WORK ORDER
Go through the listing below and retype exactly the lines starting at the one with "秋冬の駅弁大会シーズンに向け" and ending at the one with "Besrey 7 in", skipping pictures.

DATA FOR THE TASK

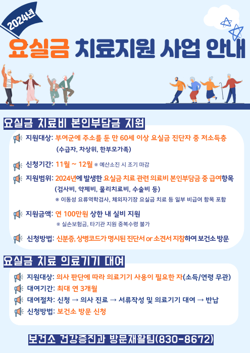 [Ytv영상스토리] 부여군은 올 연말까지 부여군에 주소를 둔 만 60세 이상 저소득층 부여군민을 대상으로 요실금 치료에 따른 의료비 본인부담금을 연 100만원 범위에서 지원한다.
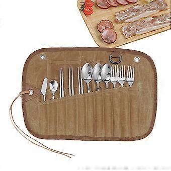 1.The portable utensil pouch features a convenient design that allows for easy storage and access to your forks, spoons, and chopsticks while camping, hiking, or enjoying a picnic without worrying about lost cutlery. 2.Multislot storage keeps each piece of tableware organized, helping you quickly find the right utensil. The spacious compartments are for storing forks, spoons, and chopsticks for any outdoor adventure. 3.This reusable utensil pouch is made from durable, material, designed to withstand the outdoors. It's for camping, hiking, or daily use. 4.With its hanging loop, this outdoor storage bag can be conveniently attached to your backpack, tent, or campsite setup for easy access and storage. for outdoor dining or taking on your next adventure.
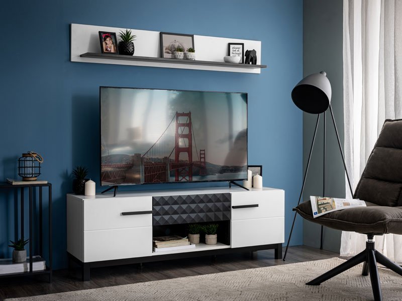 Zidna polica SARTHE ZP je sjajan funkcionalni dodatak za uređenje ambijenta dnevnog boravka. Kombinacija crnog dekora i bele lak folije unose osvežavajuću estetiku u ambijent.
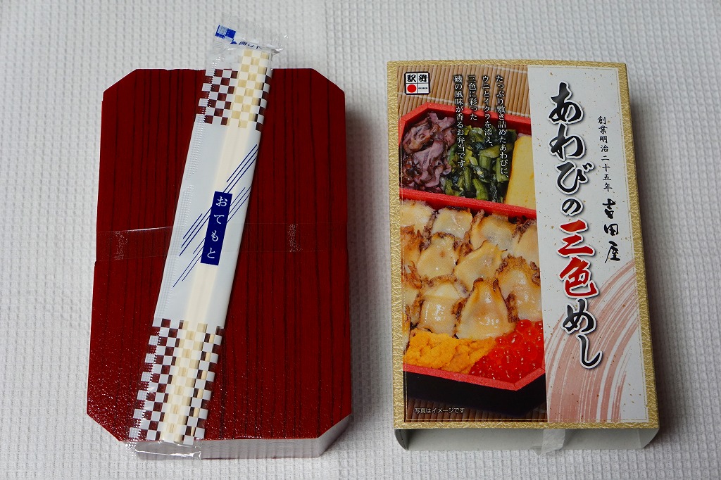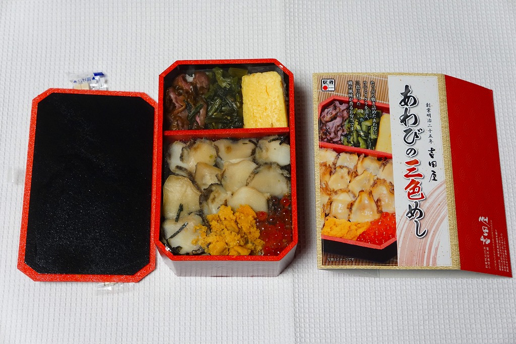 秋冬の駅弁大会シーズンに向けた、2016(平成28)年秋の新商品か。茶飯を多くのアワビに少々のウニとイクラで覆い、玉子焼と野沢菜と柴漬けを添える。付合せの下にも茶飯を詰めた重量級駅弁。2年前の下記「重箱あわびめし」に、かなり似ていると思った。2019年の春頃までの販売か。
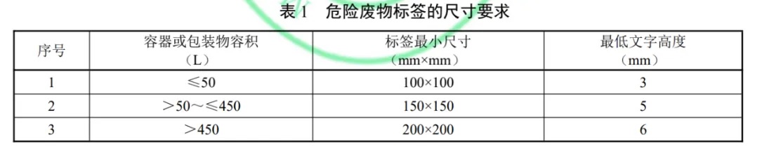 制作要求方面,根據危險廢物容器或包裝物的容積大小,《規范》分別提出了不同情形下標簽的最小尺寸和最低文字高度,企業(yè)可按照推薦尺寸制作,或根據實(shí)際需要進(jìn)行放大處理。
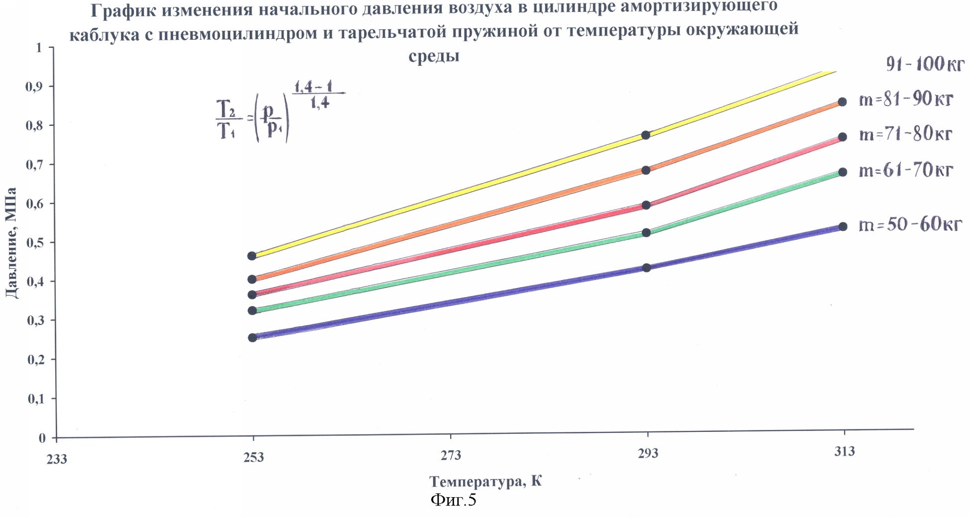Использовав уравнение состояния идеального газа при адиабатическом процессе рассчитываем изменение начального давления p1, при перепаде температур от -20°С до +40°С (фиг.5):
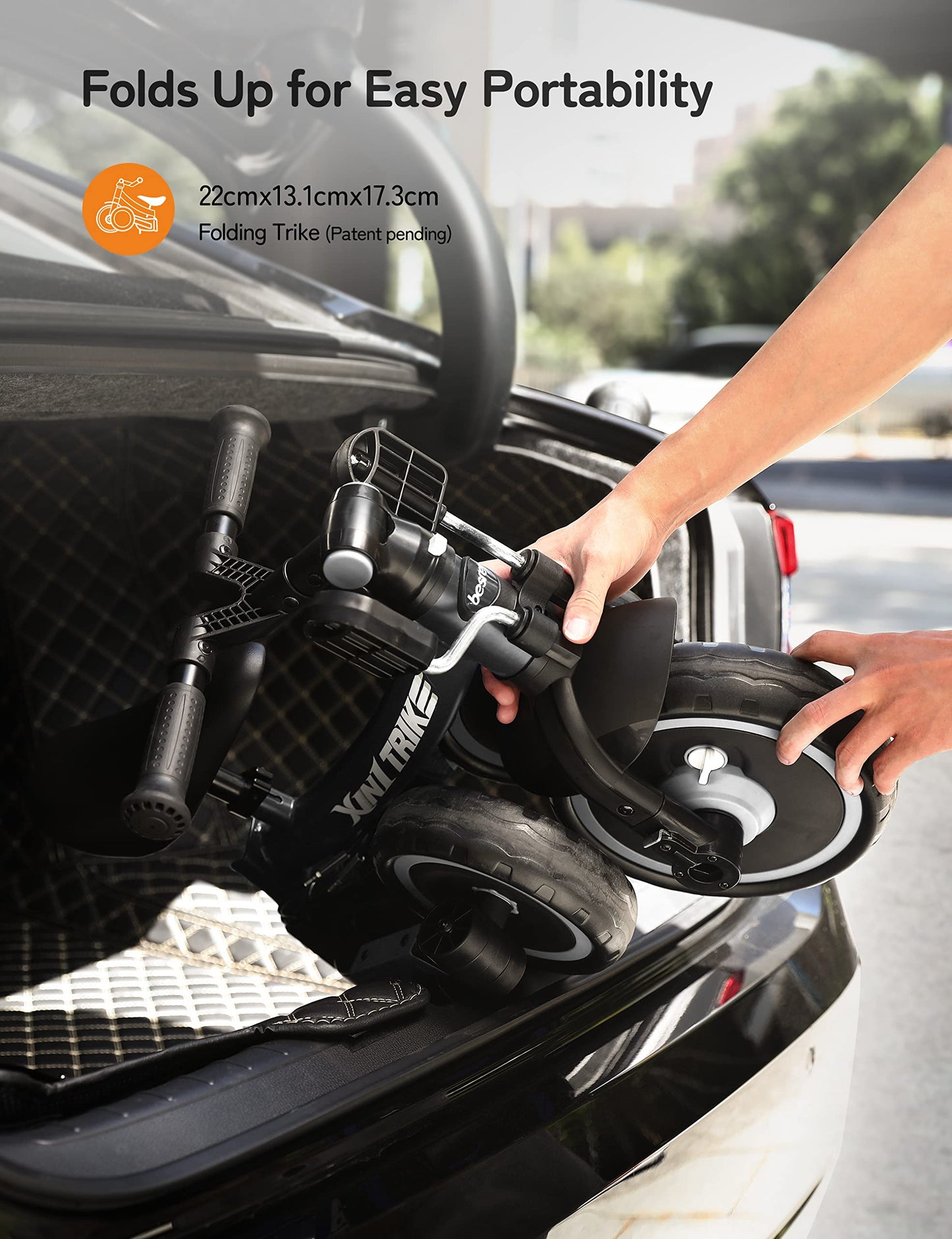 Besrey 7 in 1 Toddler Tricycle with steering handle for 1-5 years, foldable wheels, toddler bike with wheel coupling, larger wheels, detachable pedals, adjustable seat height, Black
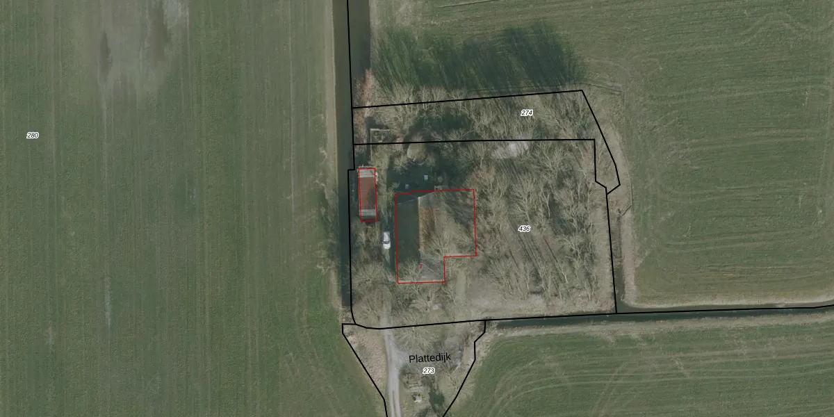 Het perceel waarop Plattedijk 2 staat heeft een oppervlakte van 2656 m². Dit is een zeer groot perceel. De perceeloppervlakte wordt geregistreerd door het Kadaster. Gedetailleerde informatie over de maten van dit perceel kunt u vinden in het rapport Kadastrale kaart met maatvoering van Plattedijk 2.
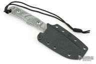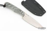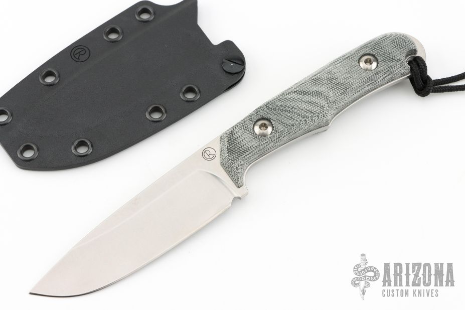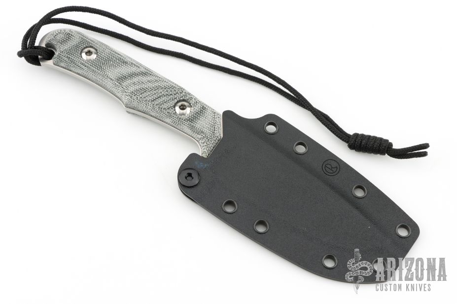 With backpacking hunters and outdoorsmen in mind, the Backpacker is a lightweight knife designed for skinning and utility.  A tribute to Chris' original 1980s Backpacker design, the newest iteration echos Chris' original details with modern materials. Its blade provides ample belly and a drop point shape for more control.  Its canvas Micarta handles provide comfort without sacrificing agility, though they can be removed for deep cleaning or extra-lightweight hiking.  The slim KYDEX® sheath fits snugly with the Backpacker's handles on or off.  Razor-sharp and made to last, the Backpacker will work hard from the backcountry to home.
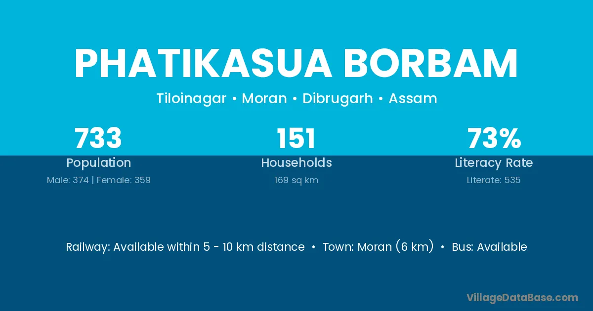 Phatikasua Borbam village has a total population of 733 people, of which 374 are males and 359 are females.
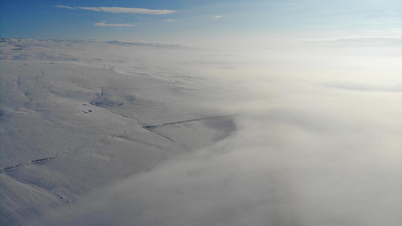 Ağrı'yı kaplayan kar ve sis dronla görüntülendi
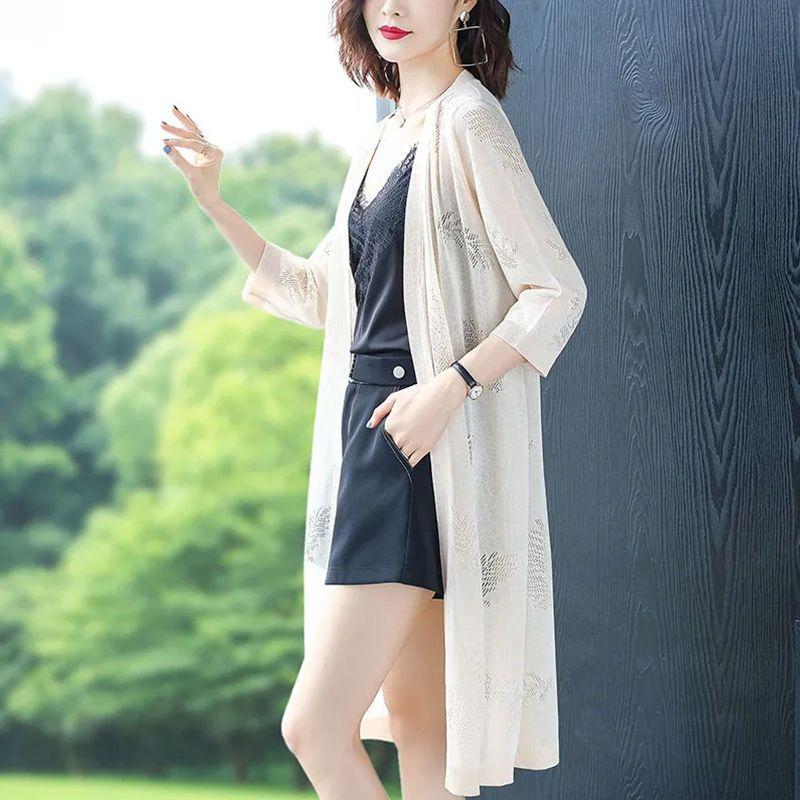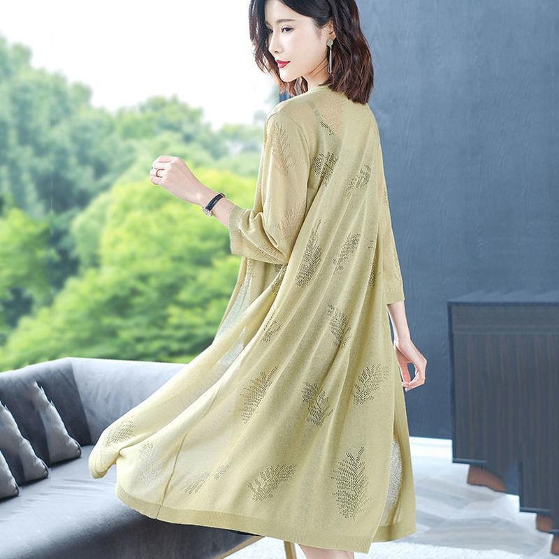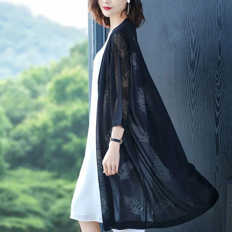 Летний тонкий ледяной шелковый вязаный свитер кардиган большого размера свободная куртка с защитой от солнца шаль куртка новый женский топ

REPLY
 秋冬の駅弁大会シーズンに向けた、2016(平成28)年秋の新商品か。茶飯を多くのアワビに少々のウニとイクラで覆い、玉子焼と野沢菜と柴漬けを添える。付合せの下にも茶飯を詰めた重量級駅弁。2年前の下記「重箱あわびめし」に、かなり似ていると思った。2019年の春頃までの販売か。
 制作要求方面,根據危險廢物容器或包裝物的容積大小,《規范》分別提出了不同情形下標簽的最小尺寸和最低文字高度,企業(yè)可按照推薦尺寸制作,或根據實(shí)際需要進(jìn)行放大處理。
Использовав уравнение состояния идеального газа при адиабатическом процессе рассчитываем изменение начального давления p1, при перепаде температур от -20°С до +40°С (фиг.5):
 Besrey 7 in 1 Toddler Tricycle with steering handle for 1-5 years, foldable wheels, toddler bike with wheel coupling, larger wheels, detachable pedals, adjustable seat height, Black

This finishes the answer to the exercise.